Фундаментальное, местами — философское и психологическое исследование, начиная с первой книги поэтессы и до зрелых стихов. “Истории и притчи Олеси Николаевой”. Вот кода:
“К чему сочинять стихи, если нарушен закон их восприятия, понимания? Если раскрытые наугад заведомо великие поэтические строки больше не находят отклика? Дело более не в невыразимости поэтического чувства по Жуковскому и не в неизреченности поэтической мысли по Тютчеву. Поэтическая эмоция и ее первоисточник — разноприродны, разновидны и разностильны. Непонимание и недопонимание не так уж и страшны. В худшем случае — это трагедия, то есть нечто наполненное очевидным смыслом. Гораздо страшнее — произвольность и непредсказуемость возможных пониманий. <…> Николаева делает свое искусство в присутствии конца искусства, с оглядкой на него, с желанием достучаться именно до тех многих, кто иного исхода для поэзии и не видит. Эта оглядка — не украдкой, а в открытую — чтобы услышали не единомышленники и почитатели, а люди, мыслящие совершенно иначе. Вот в чем состоит ее упорное и упрямое наставление в эпоху, когда притчи и аллегории никак не в чести”.

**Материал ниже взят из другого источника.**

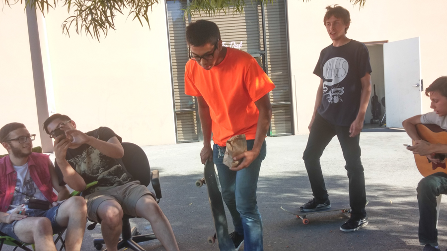 Day 4: Stayed in Alta Vista. Woke up and played guitar on the patio for a little. Ate ramen with yellow curry powder, hell yeah. Life is beautiful. Headed to The Dial. Sat under the tree of life and played guitar in perfect weather. Nick ollied a 3 stack pallet and bruised his dumb foot. Had some van beers and Zach ate an orange. Saw our friends Zach Navis and the boys and girl in My Iron Lung. Watched Recluse play, they were fckn good. Went to a closed Albertsons, missin’ all that 24 hours garbage in garbage town Las Vegas. Learned that ramen has pulverized chicken in there wtf ain’t eating tonight. Peace.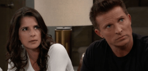 Reviewing Joe Scully’s letters to Jeannette Marino, Sam (Kelly Monaco) fantasized she and Jason (Steve Burton) admitting their feelings for each other. At The Floating Rib, Michael (Chad Duell) told Sonny (Maurice Benard) he was okay. Curtis (Donnell Turner) and Jordan (Briana Henry) discussed the seating chart for their wedding and Stella’s (Vernee Watson) absent chair. Stella interrupted Ryan (Jon Lindstrom) as he was on his way to Ferncliff. Carly (Laura Wright) told Laura (Genie Francis) she wanted to put a face to the patient in the room next to hers. Sonny told Michael D.A. Dawson was out for his head. Stella wouldn’t let Dr. Collins leave GH until he completed request paperwork. Laura saw the patient’s room was empty. Kevin (also Lindstrom) sat unconscious on the floor. Jason told Sam he wanted Danny to someday know the choices Jason he took responsibility for choices he made in his line of work while Sam worried how she would some day explain her choices to Scout. Jason found a letter where Jeannette wrote to Scully the only way they could be together was if Vincent were gone. Carly reminded Mary Pat that she is suffering the consequences of her actions. When Ryan entered, Mary Pat told “Dr. Collins” in her 19 years, she followed given instructions as well as kept certain confidences. She left for margarita night at The Floating Rib. “Kevin” said Laura should have let him know of her plans to visit Ferncliff; he couldn’t have stand if something happened to her. Jason showed Sonny the letter where Mrs. Marino ordered the hit on her husband. Carly demanded the patient’s door be opened. Anna and Finn paid a visit to Britt in prison. Anna promised she could arrange a visit at The Metro Court between Britt and Peter (Wes Ramsey). Stella assured Jordan although she no longer blamed her for Thomas’ death, she (Stella) still couldn’t attend their wedding. Michael vowed to Margaux he’d exercise legal means to get her to back down. Jason said if the letter didn’t convince Margaux to back down nothing would. Anna gave Britt a paper to sign where Britt agreed to a covert WSB mission in exchange for her trading places in Pentonville with Liesl (Kathleen Gati). Laura stopped Nurse Kay from opening patient’s door. Barely conscious Kevin heard his wife’s voice and called out to her. At The Floating Rib, Mary Pat told Dr. Collins she knew he’d show up.

Павел Басинский. Сирота казанская. — “Октябрь”, 2005, № 2.
Эта горькая проза о том, кто со дна оттолкнулся шестом. Или так: про Алексея (и Максима) . Их жизнь была невыносима. Догадались?
Андрей Битов. О пустом столе. Из цикла устных эссе. — “Октябрь”, 2005, № 3.
Эссе записала Анна Цветкова 25 ноября 2004 года.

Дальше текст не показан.